20 years working toward peace
Working toward peace for 20 years
For 20 years, PLU Regent Tom Eric Vraalsen worked toward peace in Sudan.
Earlier this month, the former ambassador of Norway saw part of that work come to fruition with a vote by the south Sudanese people to secede from the north and become an autonomous country.
Thursday, Jan. 20 Vraalsen visited PLU to share his insight into this long process to students and faculty.
Vraalsen’s experience with Sudan makes him uniquely qualified to talk about a current world issue. From 1998-2005 Vraalsen served as the UN Secretary-General’s Special Envoy for Humanitarian Affairs for the Sudan and following the peace accord in 2005, served as the chair of the Evaluation and Monitoring Commission that held the north and south together in the lead up to the referendum this month.
Having been involved with the peace process in Sudan for decades, Vraalsen began by saying this vote, although significant, is not the end of peace efforts.
“Don’t be wrong about this, it’s one station along the road,” Vraalsen said. “It’s not yet there.”
Fighting between the ruling government and the Sudan People’s Liberation Army, and other militia factions, has ravaged the Sudan with war for the last 20 years.
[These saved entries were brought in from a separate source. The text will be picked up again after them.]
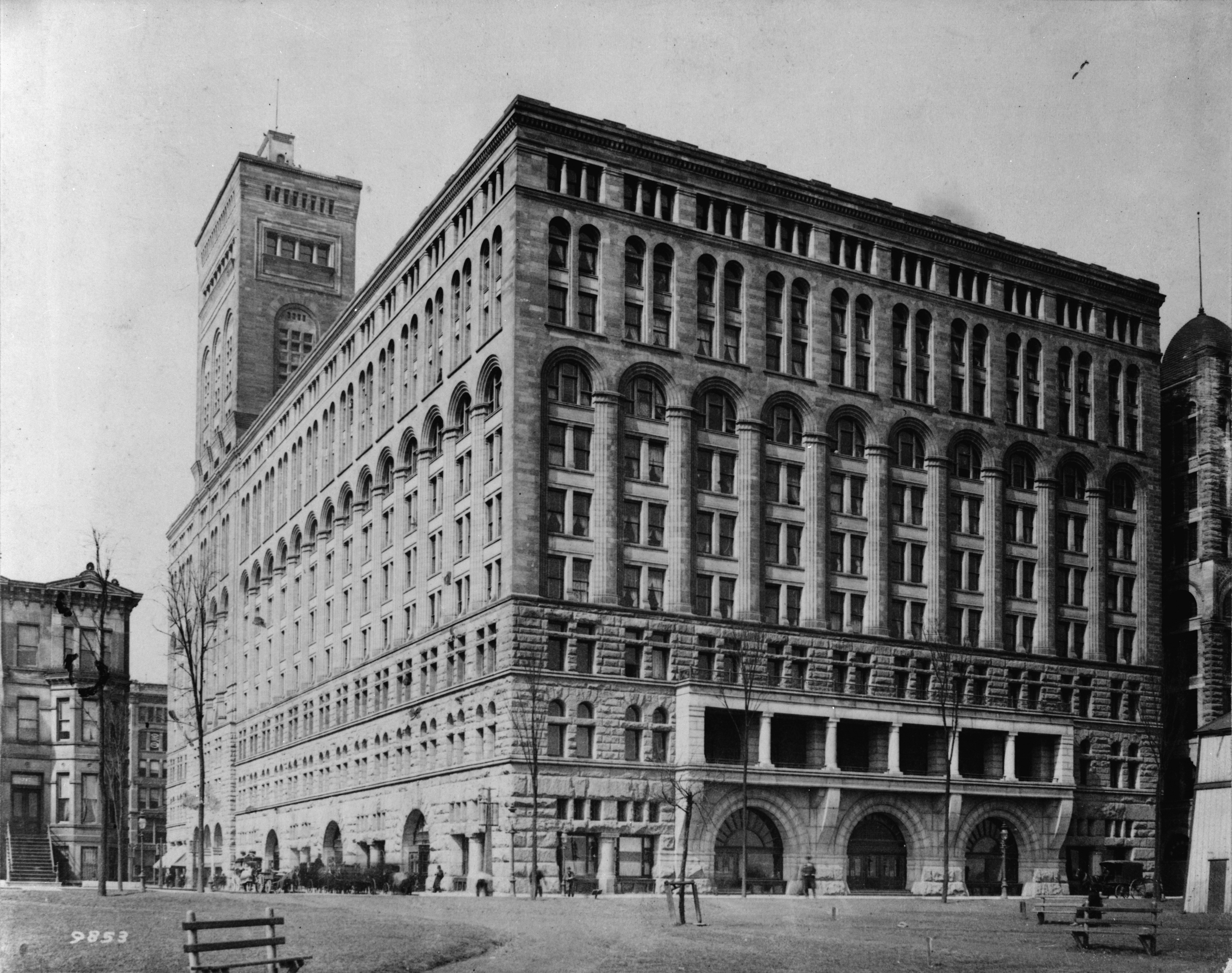 Auditorium Building, Chicago. Auditorium from Michigan Avenue.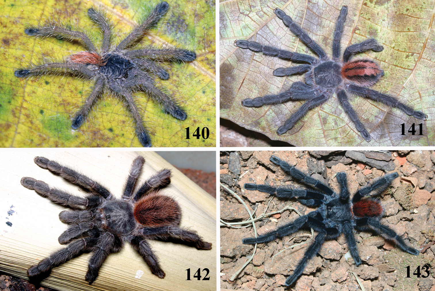 Iridopelma katiae, habitus 140 small immature 141 large immature 142 female 143 male, all from Chapada Diamantina National Park, Mucuge, state of Bahia. Photos: R. Bertani.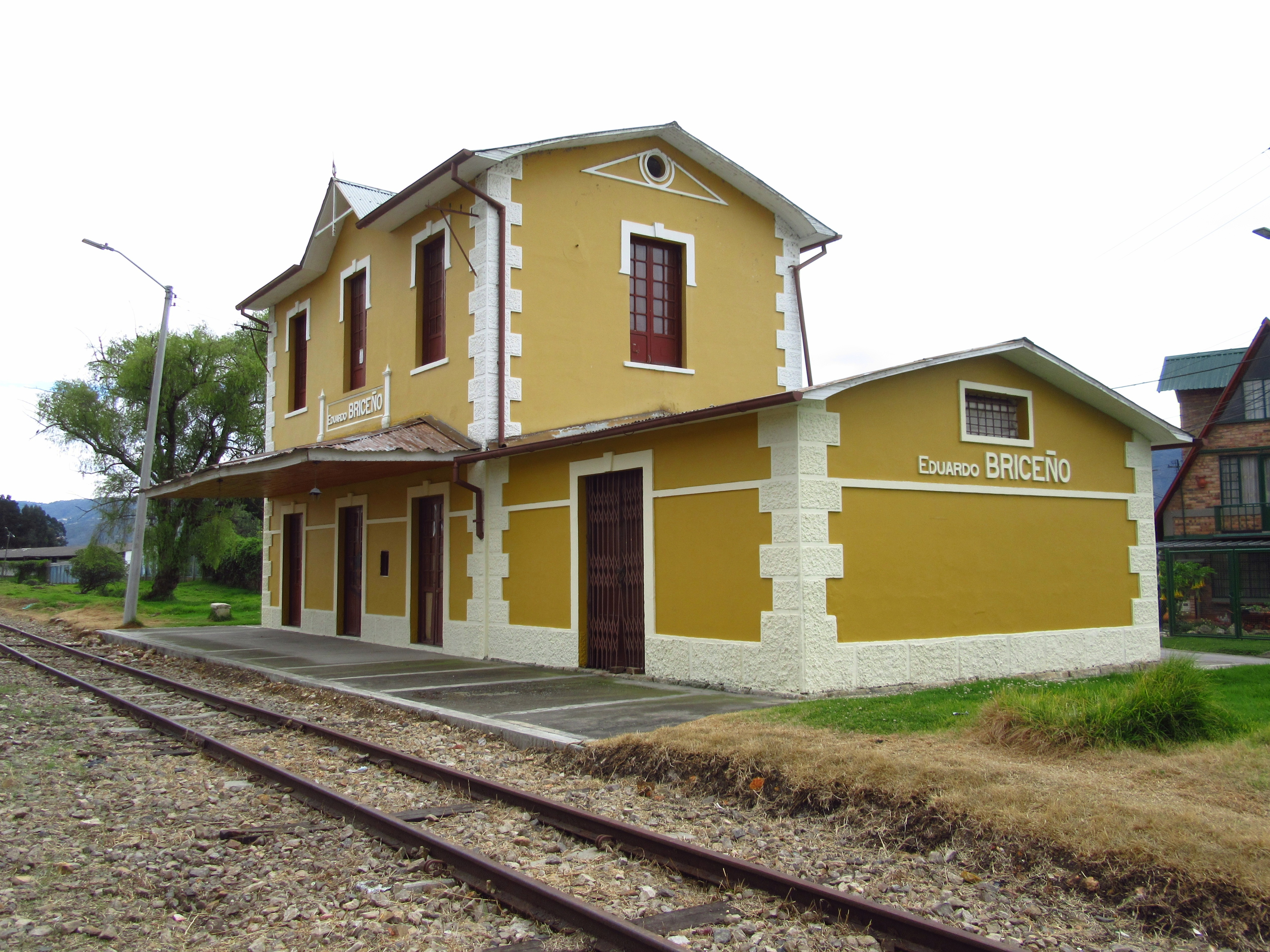 Estación ferroviaria Briceño, Sopó- Colombia

And throughout the last two decades, Vraalsen worked with the warring parties, which resulted in the Comprehensive Peace Agreement in 2005, which included the requirement for a vote of southern independence by 2011.
Getting to a peace agreement took an untold number of meetings, each inching toward this month’s vote.
“The parties were simply not ready to talk peace,” Vraalsen said. “So, they worked to fight on for awhile.”
Vraalsen thinks what finally brought the parties together was the realization that the war was unwinnable militarily. There are many issues to resolve, but a willingness to talk and work together was the only option for peace in Sudan.
“If the parties are not ready or not willing than there’s nothing that can be done,” Vraalsen said.
There’s hope for success in Sudan, Vraalsen said. He was in Sudan during the vote to split Sudan into two countries – a northern nation and a southern nation.
To be approved the vote, needed 60 percent of registered voters to participate and 50 percent plus one to pass. Estimates have put voter turnout upwards of 90 percent of the registered voters, with 90 percent passing the measure, Vraalsen said.
“So it’s a solid mandate for the southern leadership,” he said.
And the voting itself was relatively quiet of violence, despite earlier predictions to the contrary.
“It went very smoothly,” Vraalsen said, with nearly 2,600 polling stations around the country and a police force of 5,000 present to keep the peace.
“Within four months they did this,” he said. “They deserve a lot of praise in this.”
By July 9, when the CPA expires, the north and south must figure out how to address issues of dividing wealth (and debt), providing security and sorting out citizenship.
The north has been heavily dependent on southern oil reserves and the functionality of its economy is directly linked to the south.
With so much yet to accomplish for stability in the region, there is still skepticism about the viability of a Sudan that is now two independent nations, Vraalsen said.
“They are people who, up until now, have shown they are masters in their own house,” he said.
Peace in Sudan can be the gateway to peace in places like Somalia and the rest of the region, Vraalsen said.
“If there’s peace in Sudan, that will help peace in the rest of those countries,” he said. “It’ll be interesting to see what will happen.”